Grace swept a few traces of her fringe back behind her ears, and peered into inside of the dome. “And you need to go in there to fix it?”

“To remove the obstruction. And I need you to start the machine when I do.”

“So something’s caught in the gears? They really shouldn’t have a habit of doing that, right?”

“It shouldn’t happen. Ever. Right now I’m more concerned with fixing it, but something did this.”

Grace looked inside the dome, and her brow creased as her thoughts did laps inside her head. Something. “Or someone?”

“I don’t know. I just know how we fix it.”

The directions he gave next were more involved than the ones that had manifested an eclipse. Five cranks, multiple turns between them, but the closing sequence sounded like conducting an orchestra.

“Are you sure you have it? Are you sure you know what to do?”

“How hard can it be?”

“Is that a yes?” he asked.


Avery gave her a nod, then leaned in closer to her, and then stopped again.

“I’ve got it, Knox,” she said calmly.

He closed his eyes momentarily and smiled, nodding again. “I know. What we’re doing though… it’s big. Huge, really.”

Avery gave her another look over, and then stepped inside the dome. The click of the door closing behind him was the sign – the prompting that Grace needed to begin the process. She could see his distorted outline through the glass, and started the first turn.

The sound of the machinery moving filled the chamber; the first a high-pitched tick sounding every three seconds. The second crank came with its own deeper beat at a slower, erratic pace. One beat, five seconds, and then two fast ones. All happening every seven seconds.

By the time that the fifth had been started, the combined sounds sounded like the crashes of falling metal, and drowned out the rest of the clockwork.

The door opened, and at the edge of the entryway, Avery appeared. He held a metal bar in his hand; rusted over, yet without the right saturation of colour.
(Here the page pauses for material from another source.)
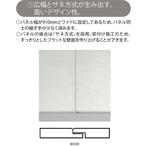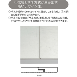 [サイズ]910×2450mm [推奨部材]ミルキーホワイト [表面仕様]IJ印刷+抗菌UV塗装 [材質]発砲塩化ビニル樹脂 [仕様]パネルジョイントはサネ方式

“It was sabotaged, Miss Tamlyn. One of the components is damaged.”

“So what do we do?” asked Grace.

“You have to balance the chorus without me.”

“Uh… do what?”

“Align the notes of each gear, until they sound as one. Each turn now will change their pace. Time will be erratic until it is fixed. Minutes could be days, and hours seconds. They must be in harmony.”

“You can’t tell me how?”

“I need to remain inside for the duration. To ensure that this,” he paused to shake the metal bar. “doesn’t happen again.”

“I can’t do this without you.”

“You must,” replied Avery. He grabbed her hand and squeezed. Grace noticed him breathe out as he did, and through it he added “I know you can do it.”

“What happens then?”

He shrugged. It wasn’t what she expected, and she raised an eyebrow at him.
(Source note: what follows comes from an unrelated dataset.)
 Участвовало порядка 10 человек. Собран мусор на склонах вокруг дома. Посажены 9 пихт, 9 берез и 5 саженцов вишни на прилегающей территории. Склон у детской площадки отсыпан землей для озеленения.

“I suppose… time inside the dome is righted. Whatever changes you do will snap back once the gears are in harmony, and time should proceed as normal.”


“That’s my theory. There might be gaps in it. They could even be gaps in time.”

Grace nodded. “I suppose we’d better do it, then. Or time ends, right?”

Avery returned the nod, but for the first few moments, he didn’t move. He drew in his breath as if to speak, but didn’t say a word.

“I’ll be fine,” she said, filling the voice.

“I know,” he replied. “See you when this is over, Grace.”

The door closed behind Avery, leaving her along in the chamber with the machine, and with the cranks. The tempo of each felt erratic, though she started to turn them one by one. She only heard the speed of the individual ticks move as she turned a crank, evening out as she stopped. Only ever forward.

“Could’ve really used your help,” she mumbled to herself.

It reminded Grace of untangling headphones, but without a clarity of progress. She heard less solitary ticks – a jointed over every four seconds, and then the rest of them came at their own leisure. She looked up, letting her vision blur over the silhouette inside the dome, while she focused on the fourth note.; a muted fist-pump accompanied its alignment, even though there was still yet one to master.